あー、確かに。「自分の意見を言ったらわがままかな」と思って、つい周りに合わせちゃいます。それが目標設定にも影響してるんですね。
そうなんです。自分の希望を伝える力(アサーティブネス)を少しずつ育てていくことが、目標を「自分ゴト」にするための土台になる、と研究は示唆しています。また、燃え尽き感(バーンアウト)が高い状態や、仕事への関与(ワークエンゲージメント)が低い状態だと、目標の理由と幸福感の関係が弱まることも分かっています。今、疲弊感はありますか?
正直、かなり疲れています。毎日なんとかこなしているって感じで、仕事が楽しいとは言えない状態です。
それは大変でしたね。研究によると、燃え尽き感が高い状態では、目標設定の工夫をしても幸福感に結びつきにくい可能性があります。まず疲弊をやわらげることが先決かもしれません。無理に「ワクワクする目標を見つけよう!」と焦らず、今できる小さなことから「これは少し面白いな」「これで誰かが助かるな」と感じる瞬間を探してみるくらいのペースでいいと思いますよ。
小さなことでもいいんですね。ちなみに、年齢によっても違いがあると聞いたんですが、どういうことですか?
面白い発見があって、この研究では24歳以上の人では目標を追いかける理由と幸福感の関連が見られたのに対し、24歳未満の若い人ではその関連がはっきりしなかったんです。研究者の考察では、年配の従業員の方が自分の好みに合わせて目標設定する柔軟性や裁量を持ちやすいのかもしれない、とされています。
なるほど。

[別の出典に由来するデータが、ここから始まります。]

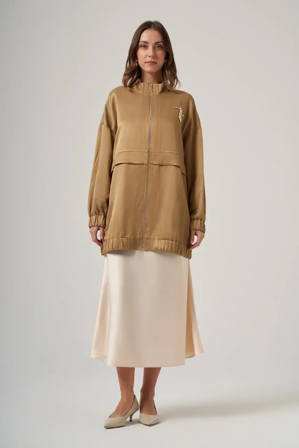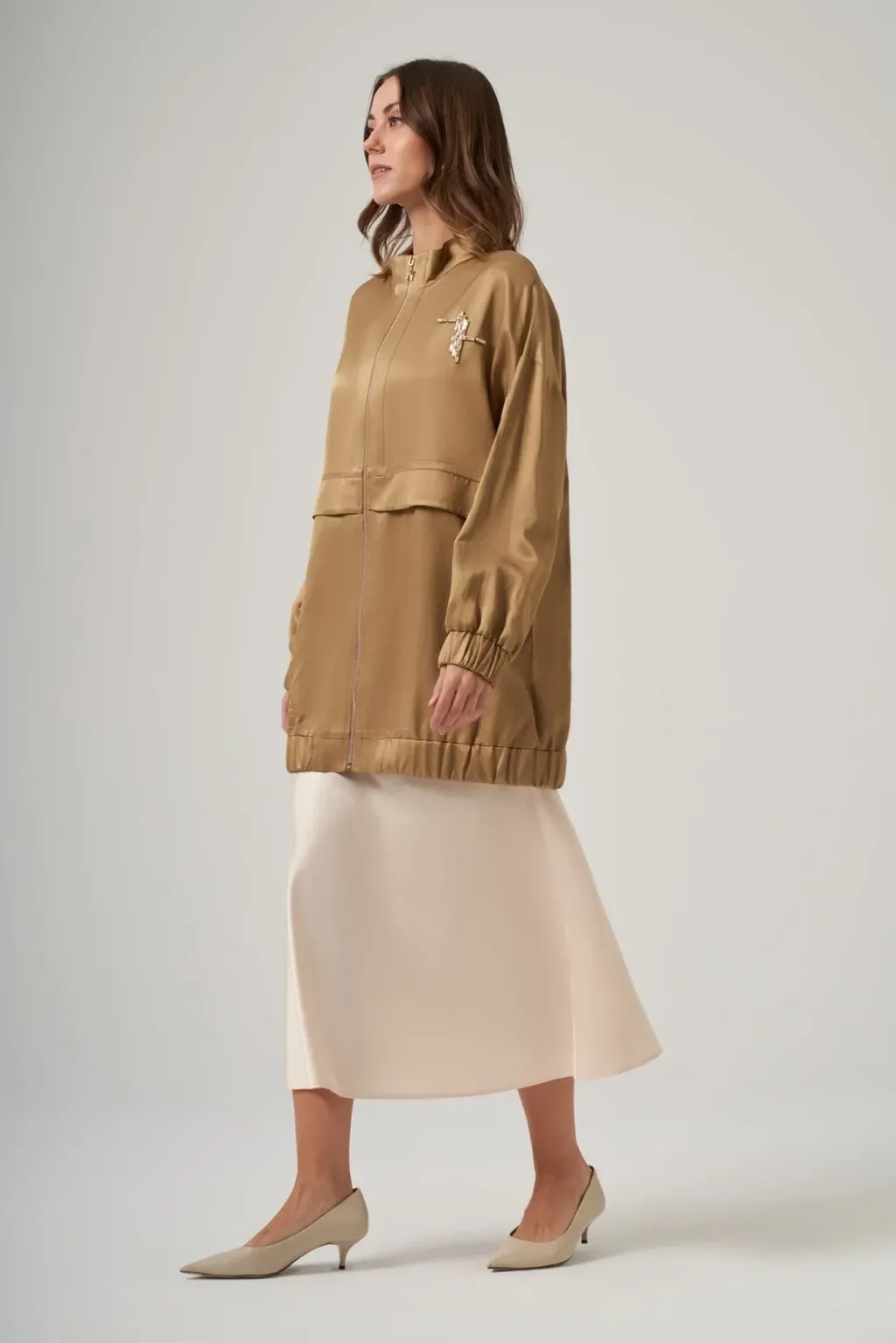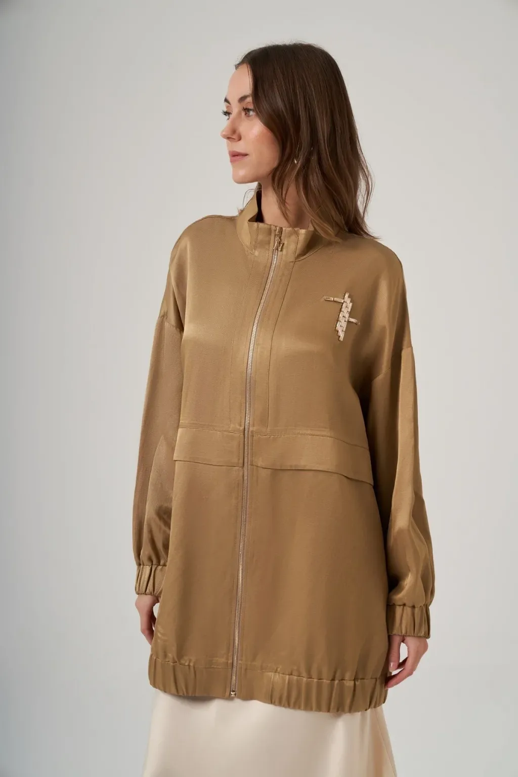 Kap Yakalı Takma Kol Fermuarlı Rahat Kalıptır

では私(30代)は、自分の好みに合わせて目標を設定しやすい立場ということですね。じゃあ、今日からできることって何かありますか?
まとめると3つのことを意識してみてください。まず、今ある目標の中に「これは楽しい」「これで誰かが喜ぶ」という要素が少しでもないか探してみること。次に、自分の気持ちや希望を少しずつ言葉にする練習(アサーティブネスを育てること)をしてみること。そして、今は疲れているなら、まず休息を大切にして、エネルギーを取り戻すことを優先すること。小さな一歩からで大丈夫ですよ。
■ 今日のまとめ
- 目標を立てること自体より「なぜその目標を追うのか」という理由が幸福感と関連しており、喜びや利他心に基づく理由の方が幸福感との関連が強いことが研究で示されています。
- 自己主張できる力(アサーティブネス)が高く、燃え尽き感が低く、仕事への関与が高い人ほど、目標の理由と幸福感の関連が強くなることが分かっています。まずは自分の状態を整えることが大切です。
- 目標の中に「楽しさ」や「誰かの役に立つ感覚」を少しでも見つけようとする意識が、目標を自分ゴトにするための第一歩になりえます。
■ 出典・注意事項
- 出典:Ehrlich, C., Milston, S. 'Subgroup specific relations between the goal-striving reasons framework and subjective well-being.' Current Psychology (2023).
- 注意事項①:本研究は相関分析に基づいており、「喜びを理由にすれば幸福になれる」という因果関係を示すものではありません。
- 注意事項②:対象は職場の従業員であり、特定の職場文化や属性の影響を受けている可能性があります。すべての人・状況に同様の結果が当てはまるとは限りません。
- 注意事項③:年齢区分(24歳未満・以上)の解釈は研究者による考察であり、確定的な説明ではありません。